Przedstawicielki higienistek stomatologicznych nie wejdą w skład Rady ds. Rozwoju Stomatologii – taką decyzję podjęli członkowie organu doradczego działającego przy Ministerstwie Zdrowia. Pomimo oficjalnego wniosku złożonego przez Ogólnopolski Związek Zawodowy Higienistek Stomatologicznych, ich postulaty nie znalazły poparcia. Jak argumentują członkowie Rady, decyzja ta wynika z zakresu kompetencji zawodowych w branży stomatologicznej.
Rada ds. Rozwoju Stomatologii – jakie pełni funkcje?
Rada ds. Rozwoju Stomatologii, powołana w 2022 r., ma na celu analizowanie i wyznaczanie kierunków rozwoju polskiej stomatologii, a także opiniowanie kwestii związanych z kształceniem lekarzy dentystów i wyceną świadczeń stomatologicznych. W jej skład wchodzą m.in. konsultanci krajowi w różnych dziedzinach stomatologii, przedstawiciele Naczelnej Izby Lekarskiej, NFZ, AOTMiT oraz Ministerstwa Zdrowia.
Brak poparcia dla wniosku higienistek – stanowisko środowiska lekarskiego
Pomysł dołączenia przedstawicielki higienistek do Rady spotkał się z jednoznaczną odmową. Zdaniem dr. n. med. Dariusza Paluszka, przewodniczącego Komisji ds. Lekarzy Dentystów OIL w Warszawie, decyzja wynika z podziału kompetencji w branży.
Higienistki stomatologiczne mają swoje ważne miejsce w systemie opieki zdrowotnej, ale nie wolno zapominać, że są one zawodem pomocniczym dla stomatologów – podkreśla dr Paluszek.
Ekspert zwraca uwagę, że w wielu krajach higienistki mają różne kompetencje w zależności od systemu opieki zdrowotnej.
Proszę jednak pamiętać, że w Wielkiej Brytanii dramatycznie brakuje dentystów i pewne ich zadania trzeba było przesunąć na higienistki, aby zapewnić pacjentom choć podstawową opiekę. W Polsce takiego problemu nie mamy – zaznacza.

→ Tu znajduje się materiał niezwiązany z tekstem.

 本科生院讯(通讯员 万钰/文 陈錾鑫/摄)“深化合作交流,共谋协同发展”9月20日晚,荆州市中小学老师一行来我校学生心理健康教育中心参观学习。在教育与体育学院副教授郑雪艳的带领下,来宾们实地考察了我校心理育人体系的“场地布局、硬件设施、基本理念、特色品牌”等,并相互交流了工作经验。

Problem z jednolitym kształceniem higienistek
Wśród argumentów przemawiających przeciwko dołączeniu higienistek do Rady pojawił się także temat poziomu edukacji w tym zawodzie.
To jest obecnie największy problem higienistek stomatologicznych w Polsce – brak jednolitego systemu kształcenia. Oczywiście są higienistki po studiach, z tytułem magistra, wysoko wykwalifikowane, ale nie zapominajmy, że wiele przedstawicielek tego zawodu kończy w trybie weekendowym szkoły o – nie bójmy się tego powiedzieć – bardzo niskim poziomie kształcenia – wyjaśnia dr Paluszek.

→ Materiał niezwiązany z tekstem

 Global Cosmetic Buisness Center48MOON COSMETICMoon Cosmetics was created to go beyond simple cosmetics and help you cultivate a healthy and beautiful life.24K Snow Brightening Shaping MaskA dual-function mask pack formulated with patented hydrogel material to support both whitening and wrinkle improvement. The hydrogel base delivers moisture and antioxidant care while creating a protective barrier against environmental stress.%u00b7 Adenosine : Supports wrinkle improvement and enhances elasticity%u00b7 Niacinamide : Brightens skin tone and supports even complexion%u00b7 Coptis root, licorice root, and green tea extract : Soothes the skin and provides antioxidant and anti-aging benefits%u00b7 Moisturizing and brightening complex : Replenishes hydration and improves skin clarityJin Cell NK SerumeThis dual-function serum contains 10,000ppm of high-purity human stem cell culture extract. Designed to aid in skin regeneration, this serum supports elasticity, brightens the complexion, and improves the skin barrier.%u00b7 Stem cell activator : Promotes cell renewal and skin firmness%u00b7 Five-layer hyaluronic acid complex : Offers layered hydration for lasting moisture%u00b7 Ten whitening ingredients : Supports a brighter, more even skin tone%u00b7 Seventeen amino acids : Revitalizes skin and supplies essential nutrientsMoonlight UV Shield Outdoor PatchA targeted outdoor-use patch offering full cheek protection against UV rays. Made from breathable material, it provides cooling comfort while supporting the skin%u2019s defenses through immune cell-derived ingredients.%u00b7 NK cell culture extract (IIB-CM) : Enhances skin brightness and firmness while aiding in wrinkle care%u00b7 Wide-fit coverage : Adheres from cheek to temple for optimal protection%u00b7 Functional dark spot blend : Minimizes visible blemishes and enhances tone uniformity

Środowisko lekarzy dentystów podkreśla, że zanim higienistki zaczną walczyć o większy wpływ na kształtowanie polityki zdrowotnej, powinny dążyć do ujednolicenia standardów kształcenia.
Praca pod nadzorem lekarza – kwestia bezpieczeństwa
Dyskusja na temat roli higienistek w systemie ochrony zdrowia od lat budzi kontrowersje. Stomatolodzy opowiadają się za koniecznością pracy higienistek pod nadzorem lekarzy dentystów, co nie podoba się przedstawicielkom tego zawodu.
Chodzi o to, aby „nadzór lekarza” dotyczył również bezpieczeństwa pracy. Uruchomienie gabinetu stomatologicznego, w którym pracuje higienistka pod kontrolą lekarza, jest obwarowane licznymi przepisami i wymaganiami, które jednak dają pacjentom gwarancję bezpieczeństwa – mówi dr Paluszek.
Wskazuje przy tym na problem tzw. gabinetów higieny, które działają bez kontroli sanitarnej.
W ostatnim czasie do izb lekarskich wpływa coraz więcej skarg na tzw. gabinety higieny, które funkcjonują pokątnie przy salonach kosmetycznych, fryzjerskich i innych tego typu miejscach. Bez żadnej kontroli sanepidowskiej czy procedur bezpieczeństwa, dotyczących np. sterylizacji i dezynfekcji, są tam wykonywane zabiegi higienizacji albo wybielania, które kończą się np. poważnymi podrażnieniami przyzębia – ostrzega ekspert.
Lekarze dentyści zwracają także uwagę na kwestie formalno-prawne.
Warto też pamiętać, że pracujące samodzielnie higienistki nie mają np. obowiązku posiadania ubezpieczenia, więc za wszelkie roszczenia pacjentów odpowiadają własnym majątkiem – podkreśla dr Paluszek.